For more than two centuries, socialism could not find a place under the sun in the United States. The most prominent failure heretofore was by Eugene Debs (1855-1926), who founded the Social Democratic Party of America. Yet socialism is on the rise in the 21st century United States. Numerous studies have been written about why socialism is on the rise in America but almost nothing about the transformational roadmap to American socialism. Is American socialism anchored in one of the established socialist doctrines or is it a case of sui generis socialism?[1] To this end, the paper identifies three pressure groups that are active in defining the roadmap to socialism in America.

The Intellectual Elite argues that American capitalism is an immoral social system for at least two interconnected reasons. For one, because it evolved from slavery, and, second, the distribution of income is highly unequal (Gini coefficient is about .42). Pulling both arguments together, the Intellectual Elite replaced the traditional class struggle between property owners and wage laborers with the conflict between the privileged whites and oppressed minorities. The Intellectual Elite uses the inflammatory term racism, as the code word for this conflict.

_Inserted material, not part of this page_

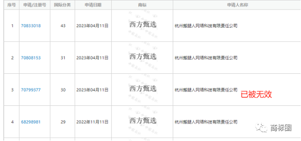 目前“西方甄选”已作为商标分别在29类,31类,43类被作为商标注册,目前皆已申请成功,申请人是杭州搬腿人网络科技有限责任公司。申请时间分别是去年年底以及今年年初。

Historical records are not supportive of the immorality of American capitalism. Why are thousands of minorities trying to get into the racist America?[2] Are Asians an oppressed minority in the U.S.? In 2018, the median household incomes of Asians and non-Hispanic Americans were  $87,000 and 71,000 respectively – an amazing statistic in an America of alleged white privilege. Moreover, an arguably significant number of whites arrived in America long after the Civil War ended. Those immigrants and their descendants have neither business nor cultural links going back to the time of slavery. Finally, Karl Marx, in a series of columns published in the New York Daily Tribune and European newspapers, rejected any relationship between capitalism and slavery as follows:

The present struggle between the South and North is, therefore, nothing but a struggle between two social systems, the system of slavery and the system of free labour. The struggle has broken out because the two systems can no longer live peacefully side by side on the North American continent. It can only be ended by the victory of one system or the other.

The number of actual slaveholders in the South of the Union does not amount to more than three hundred thousand, a narrow oligarchy that is confronted with many millions of so-called poor whites, whose numbers have been constantly growing.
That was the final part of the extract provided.